What to work on: The data that follows is to be copied exactly, with each image removed.

Collected data:
▽

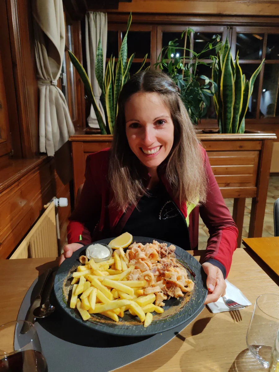 Una vez en el hotel, devoramos los boreks, nos dimos una ducha caliente que nos devolvió a la vida y disfrutamos de una tarde de descanso total para recuperar fuerzas. Sin ganas de volver a salir, decidimos cenar en el propio hotel: Judith se decantó por unos calamares con patatas, mientras que Raúl eligió un menú con pasta a la trufa, carne y patatas.
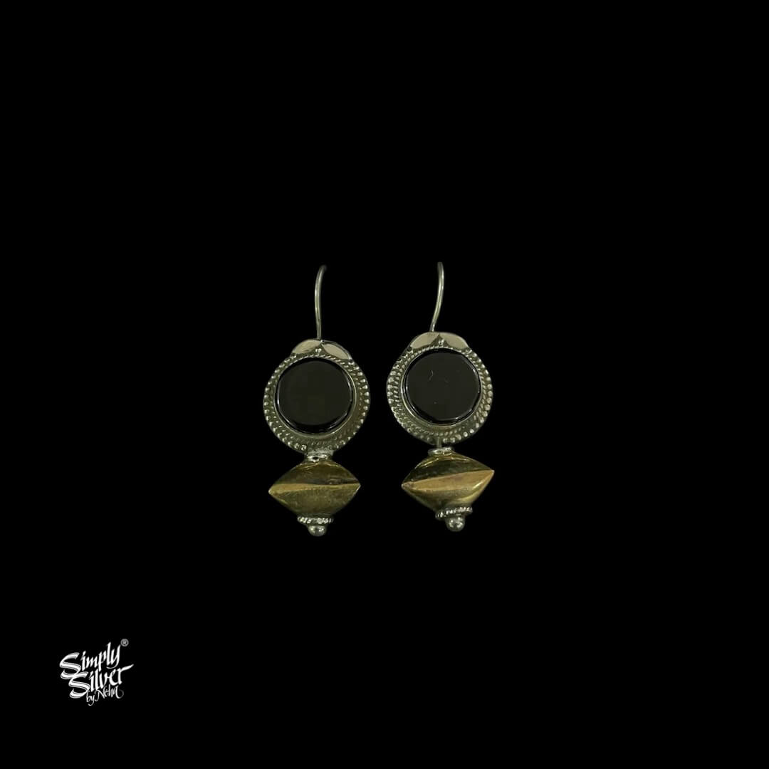 Silver Black Round Stone with Copper & Silver Fusion Bead - MH5939
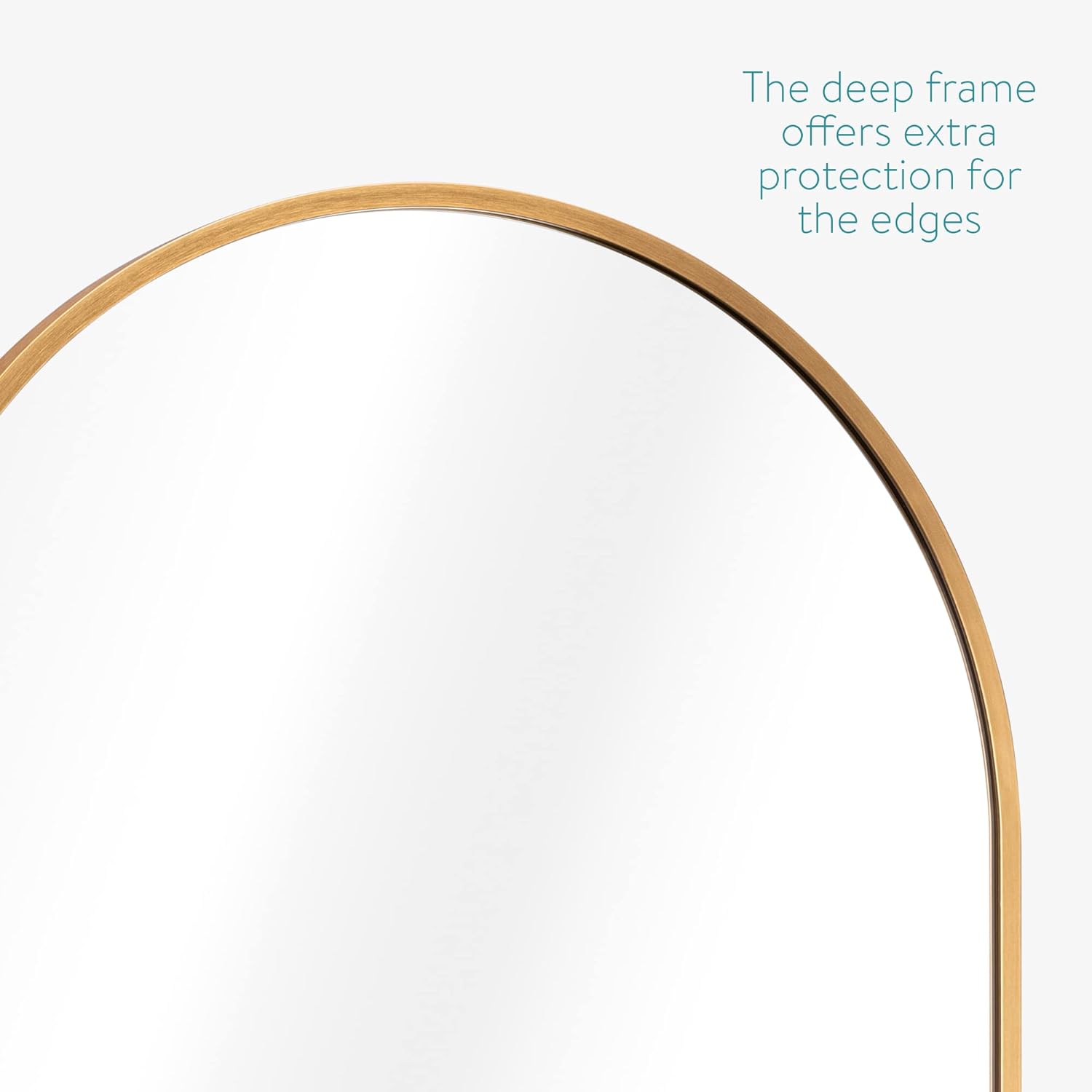 - ARCHED FRAME: The mirror's arch-top metal frame has a chic golden finish, providing an elegant surround for your reflection. Make a style statement instead of settling for a standard shape like a square, rectangular, round or oval mirror.

△

Answer box:
 Una vez en el hotel, devoramos los boreks, nos dimos una ducha caliente que nos devolvió a la vida y disfrutamos de una tarde de descanso total para recuperar fuerzas. Sin ganas de volver a salir, decidimos cenar en el propio hotel: Judith se decantó por unos calamares con patatas, mientras que Raúl eligió un menú con pasta a la trufa, carne y patatas.
 Silver Black Round Stone with Copper & Silver Fusion Bead - MH5939
 - ARCHED FRAME: The mirror's arch-top metal frame has a chic golden finish, providing an elegant surround for your reflection. Make a style statement instead of settling for a standard shape like a square, rectangular, round or oval mirror.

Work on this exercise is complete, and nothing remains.